“Do lado de fora parece discreto, mas uma vez lá dentro, é selvagem. Uma fonte cheia de sapos verdes sinistros, cobras a subirem paredes, uma vespa gigante e um jacaré empoleirados em sebes, caranguejos esticados e um cisne a enfiar o bico na boca de um cão”. É assim que o jornalista Larry Ryan começa por descrever o Jardim Bordallo Pinheiro, em Lisboa, inaugurado em 2010, num artigo do The Guardian onde a arte portuguesa não fica nada mal vista – e à qual os britânicos começaram a dar, recentemente, mais atenção.
Depois de fazer uma espécie de regresso ao passado, mencionando a abertura da Fábrica de Faianças das Caldas no século XIX por Raphael Bordallo Pinheiro (que, em 1907, abriu falência e foi vendida) para a criação de loiças decorativas e peças de cerâmica “coloridas e vistosas”, Ryan leva novamente os leitores até ao “maximalismo português” de Bordallo Pinheiro representado no jardim lisboeta, destacando que “as falsas fauna e flora” do artista “são extravagantes, kitsch e belas, mas quase avassaladoras”, referindo ainda que os seus detalhes, além de “exagerados” e “divertidos”, são também “inquietantes”.
O jornalista britânico explica que foi apenas nas últimas duas décadas que os pratos e tigelas em forma de couve começaram a surgir no Reino Unido, tanto em pequenas lojas de artesanato como em grandes cadeias, “uma grande reviravolta para um design que já foi visto como deselegante e brega”, o que “reflete um desejo mais amplo do Reino Unido pelo design, produtos de lifestyle, comida e vinho portugueses”, escreve Ryan.
À conversa com as portuguesas Olga Cruchino e Dina Martins, que abriram, em 2013, a sua loja e café A Portuguese Love Affair, em Londres, com vários produtos típicos como peças decorativas, sabonetes, conservas de peixe e vinho, o jornalista pega neste exemplo para explicar como a arte nacional tem crescido no Reino Unido, ao longo dos últimos anos. “No início, as pessoas vinham ter comigo e perguntavam-me: ‘Porque é que você tem isto?
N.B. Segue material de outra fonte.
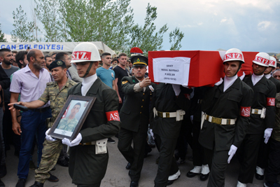 Hakkari'de teröristlerin hain saldırısı sonucu ağır yaralanan ve tedavi gördüğü Van'da şehit olan Sözleşmeli Er Resul Bayracı, memleketi Tercan'da son yolculuğuna uğurlandı.
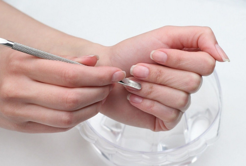 Кутикула размягчается с помощью средства-ремувера, отодвигается к краю ногтя апельсиновой палочкой или шабером.
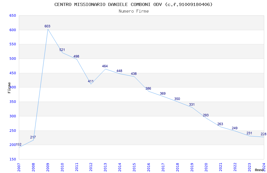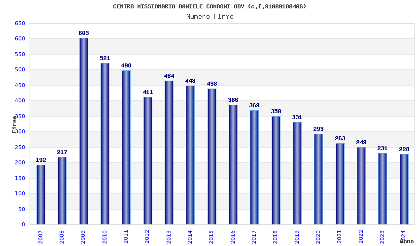 | Anno | Firme | Importi | Media | Naz. | Reg. | Prov. | Comu. |
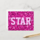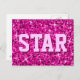 Postcard with a modern design featuring stars scattered over a stylised "sequin look" pattern background and 'STAR' in shades of pink. Can be used as a background for your own text, images and ideas. Please note this is a printed digital art image, it does not shine or contain real glitter or sequins.
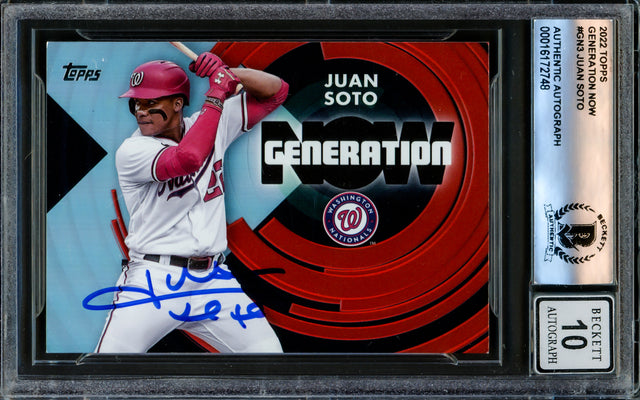 Juan Soto Autographed 2022 Topps Generation Now Card #GN-3 New York Mets Auto Grade Gem Mint 10 Beckett BAS #16172748
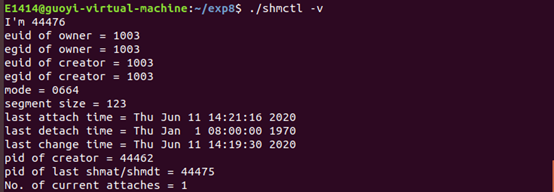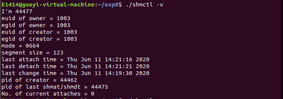 先在另一个终端执行 ./shmctl -a ,然后在当前终端执行 ./shmctl -v (注意手速,5秒内要搞定)。
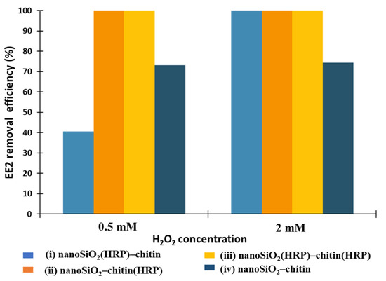Hydrogen peroxide is usually applied as co-substrate of horseradish peroxidase. It plays the role of one-electron donor between the HRP active site and converted substrate [57]. However, too high a concentration of H2O2 in the reaction environment can negatively affect the activity of horseradish peroxidase. Wang et al. [45] used HRP immobilized onto polyacrylonitrile beads and the next such biocatalytic system was used for removal of 2,4-dichlorophenol from wastewater. The authors showed that hydrogen peroxide solution at concentration above 1 mM can inhibit the catalytic activity of biomolecules due to blocking of the enzyme’s active site. The study of Ai and co-authors [12] proved that overdose of hydrogen peroxide in conversion reactions catalyzed by HRP can act as scavengers of active radicals due to reduction reactions. The authors used s biocatalytic system composed of NH2-Fe3O4@SiO2 with HRP immobilized for degradation of estradiol (E2) from an aqueous solution. As determined, the optimal concentration of H2O2 for process catalyzed by immobilized HRP was 24 mg/L. By contrast, in another work, the optimal hydrogen peroxide concentration for estrone (E1) removal by free HRP and HRP immobilized onto PAA/PVA nanofibers was determined at 0.05 mM. Higher H2O2 concentrations negatively affected the enzymatic activity of HRP and, in consequence, a lower removal efficiency of E1 was noted. However, when support was additionally doped by Fe3O4 nanoparticles, the removal efficiency of E1 reached a maximum with the presence of H2O2 at a concentration of 0.1 mM, which could be explained by excessive H2O2 consumption by magnetite in the Fe2+ oxidization process. Therefore, a suitable initial concentration of hydrogen peroxide is crucial for estrogen removal by HRP-based catalytic reactions and should be determined for all support-enzyme systems. Herein, the removal of 17α-ethinylestradiol was conducted using two H2O2 concentrations, which were 0.5 and 2 mM. As shown in Figure 6, a higher concentration of H2O2 (2 mM) allowed us to fully remove EE2 from aqueous solutions using all systems containing immobilized HRP (i, ii and iii). It stays in agreement with results described by Patel et al. [58], where in situ encapsulation of horseradish peroxidase in electrospun porous silica fibers was carried out. The authors showed that enzyme encapsulated in produced fibers possessed the highest specific activity with the presence of hydrogen peroxide solution at a concentration equaling 2 mM. Moreover, a further increase in H2O2 concentration caused the inhibition of biomolecules and a decrease in its catalytic activity. In our work, it was shown that a lower concentration (0.5 mM) of hydrogen peroxide in the reaction environment caused a significant decrease in removal efficiency of EE2 to 40% using system (i), where HRP was immobilized onto nanosilica, which could be explained by limited transport of H2O2 to the active site of biomolecules immobilized onto nanoSiO2, cross-linked by glutaraldehyde. However, systems (ii) and (iii) allowed us to remove 100% of EE2 from aqueous solutions with the presence of hydrogen peroxide at lower concentrations. In the case of removal system (iv), where pure nanoSiO2 and pure chitin were used in the EE2 removal process, only adsorption as a removal mechanism was possible. The removal efficiency of EE2 was determined and equaled 73% (H2O2 concentration 0.5 mM) and 74% (H2O2 concentration 2 mM). The lack of biomolecules immobilized onto supports meant that the H2O2 concentration did not affect the removal efficiency of estrogen.
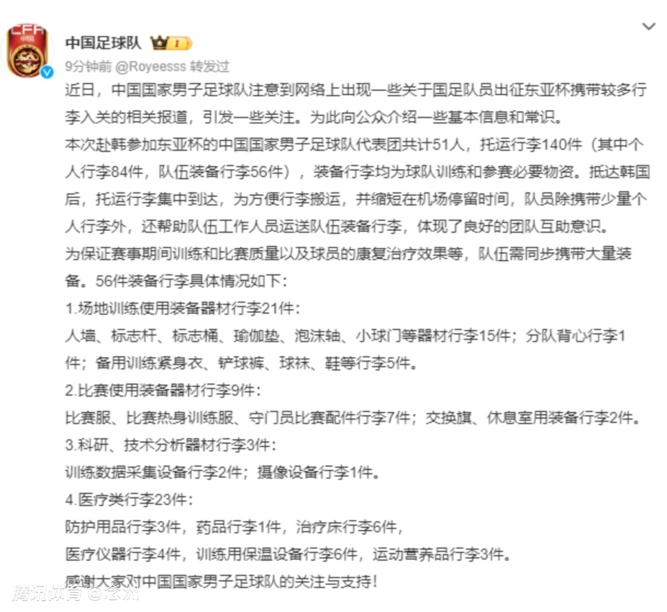 对此,国足官方发布声明,写道,“本次赴韩参加东亚杯的中国国家男子足球队代表团共计51人,托运行李140件(其中个人行李84件,队伍装备行李56件),装备行李均为球队训练和参赛必要物资。抵达韩国后,托运行李集中到达,为方便行李搬运,并缩短在机场停留时间,队员除携带少量个人行李外,还帮助队伍工作人员运送队伍装备行李,体现了良好的团队互助意识。”
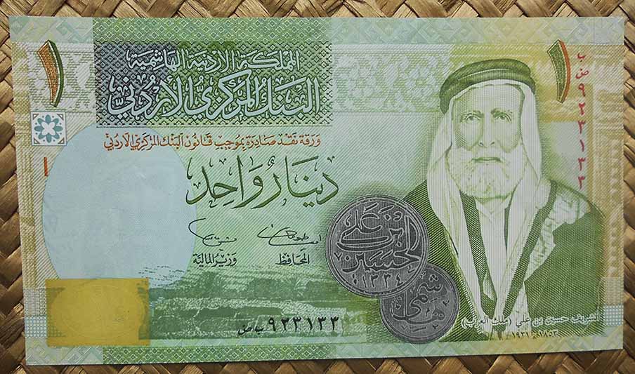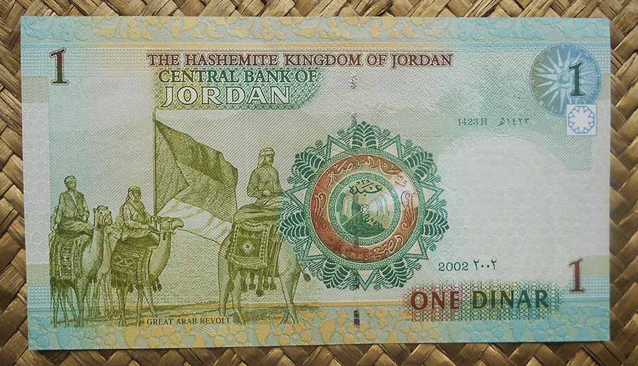 El billete de 1 dinar Jordania de 2002 nos muestra en su anverso a Hussein Bin Ali El-Hashimi, que fuera Rey de Hejaz (1917 – 1924), de fondo un palmeral entre ruinas y a su lado unas monedas de plata acuñadas en Hejaz en los inicios del s. XX. En su reverso vemos árabes sobre camellos portando la bandera de la Gran Revolución árabe (Rebelión árabe de 1916 contra el Imperio Otomano para crear un estado árabe unificado entre Siria y Yemen); en su centro la Medalla de la orden del Renacimiento (Wisam al-Nahda), fundada por el rey Hussein del Hejaz en 1917 para recompensar a los que sirvieron en la guerra de liberación (la orden es un reconocimiento otorgado a los más altos servicios civiles o militares del Reino de Jordania)
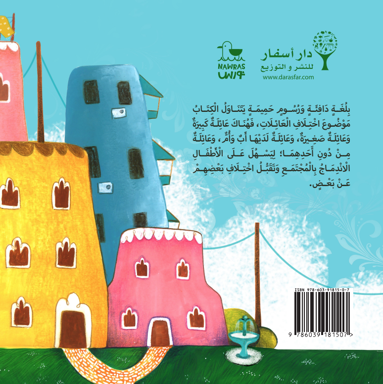 يتناول الكتاب موضوع اختلاف العائلات، فهناك عائلة كبيرة وأخرى صغيرة، وعائلة بأبٍ وأم وأخرى من دون أحدهما.
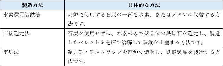 グリーンスチールの製造方法には、「水素還元製鉄法」「直接還元法」「電炉法」があり、それぞれの特徴は以下のとおりです。
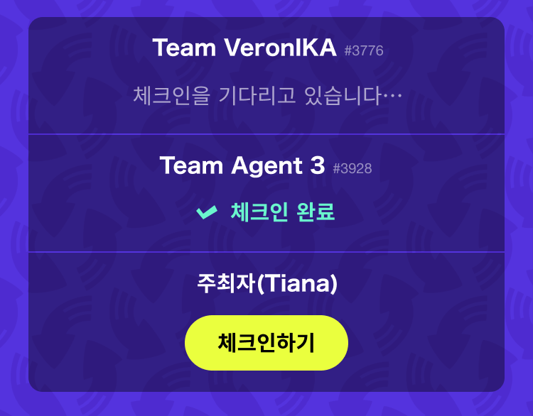 ## 체크인이란 양팀 모두 팀원들이 준비가 되었을때 하는것이에요

É horrível'”, conta Olga Cruchino. Agora, a empresária diz que sente “um real aumento na aceitação e no amor pelo design português”. “Foi de nada a muito”, diz Cruchino.
Larry Ryan faz ainda referência à jornalista Catarina Portas, que além de ter idealizado, juntamente com Joana Vasconcelos, o jardim Bordallo Pinheiro, fundou, em 2007, a primeira loja A Vida Portuguesa, descrevendo-a como uma das “grandes responsáveis” pelo ressurgimento do interesse por produtos portugueses mais antigos, com uma identidade única, no Reino Unido. “A identidade olha para o futuro. E acho que o passado está cheio de soluções interessantes para o futuro”, refere a empresária, também em conversa com o jornalista.
“Portas acedeu a muitos pedidos para estender a marca em todo o país e internacionalmente. No passado, ajudou a Labor and Wait (uma loja em Londres) a levar produtos para o Reino Unido, enquanto a A Portuguese Love Affair nasceu, em parte, à sua imagem”, escreve Ryan, que faz ainda menções ao chefs de cozinha Nuno Mendes e Leandro Carreira, abordando o novo restaurante, Lisboeta, de Mendes e os seus anos 90, em que tentou distanciar-se propositadamente de Portugal devido ao estado do País e às escassas oportunidades dadas aos mais jovens. Na Califórnia, quando se apercebeu de que, “lá fora”, mal se distinguia Espanha de Portugal, sendo que “a cozinha espanhola estava em voga, enquanto o turismo português se concentrava no que os visitantes queriam, comida italiana, espanhola ou indiana”, teve uma “epifania”, como escreve Ryan.
Agora, conta que está a tentar “mostrar Portugal” e o seu espaço Lisboeta, que abriu em março, demonstra isso mesmo, com três pisos dedicados à nossa capital e um balcão de bar em lioz sustentado por armários de madeira que fazem lembrar as farmácias portuguesas antigas.